HAMILTON — A first-year strategy to combine the Hamilton Schools’ boys and girls basketball teams into single middle school squads has already paid off in historic fashion.

The joint boys’ team from Wilson and Garfield middle schools has produced for the first time in 17 years an undefeated 7th grade squad that then won the GMC middle school league championship in a recently completed league tournament.

It’s a winning strategy that should produce even more winning, said Hamilton sports officials, as the players move on to older grades and continue to play together perhaps even through high school, said Missy Harvey, athletic director for the 9,000-student city schools.

“When we made the decision to combine our middle school (teams) kind of like we had done with football four years ago, this is what we were hoping for,” said Harvey of the 7th graders 20-0 season.

Separately, the two middle schools had previously had trouble fielding full squads. But now combined, there are enough players for both an A squad and B squad to better accommodate all the boys and girls’ skill levels.

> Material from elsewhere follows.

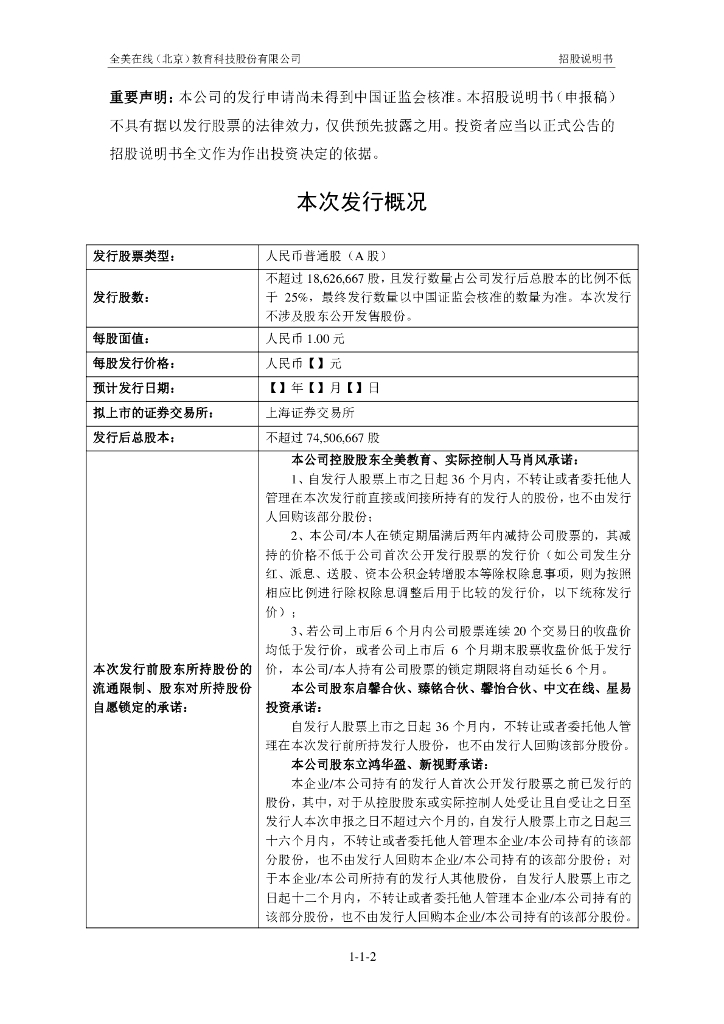 全美在线(北京)教育科技股份有限公司上交所主板IPO上市招股说明书.pdf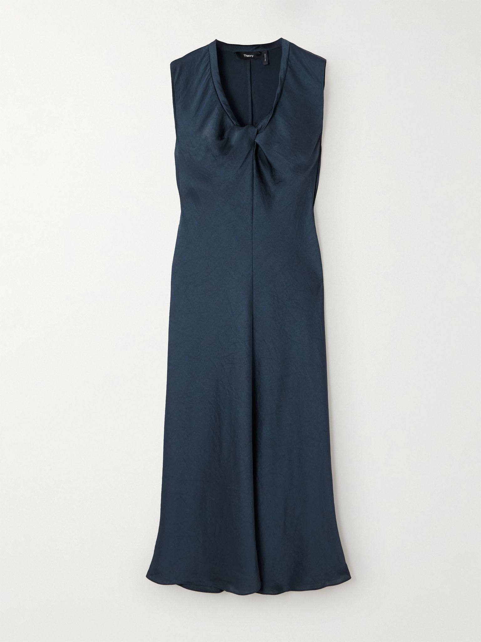 Theory's aptly named 'Twist Scoop' dress is delicately gathered along the neckline, creating subtle ripples through the bodice. It's made from lustrous recycled-satin in a figure-skimming fit and works just as well for the office or dinner plans. Size & Fit - Fits true to size, take your normal size - Designed for a slim fit - Lightweight, non-stretchy fabric - Model is 175cm/ 5'9" and is wearing a US 2 Model measurements: - Bust: 78cm/ 31" - Waist: 62cm/ 24.5" - Hip: 92cm/ 36" Details & Care - Navy recycled-satin - Slips on - 100% recycled polyester - Unlined - Dry clean

“We wanted to give our kids some success so as they get to the high school they are more prepared. We felt going with this (combined) model gave us the best opportunity for that.”

“And it was done well because the biggest thing we want to do is do right for our kids who are athletes … to be successful and to build their skills to the right level,” said Harvey.

Kevin Huston, head boys’ basketball coach for 7th graders, said the last time the middle school program went undefeated was 2006.

Combining the two middle schools played a big part in this season’s success, said Huston, a 15-year veteran of Hamilton middle school basketball coaching.

“Our starting five had three players from Wilson and two from Garfield.”

And he said the players develop bonds off the court that helps make their transition to the Hamilton Freshman School and Hamilton High School smoother.

“It gets them playing together earlier, which is very good in the sense of trying to build a winning program. They get to know one another and it will only help and get better,” he said.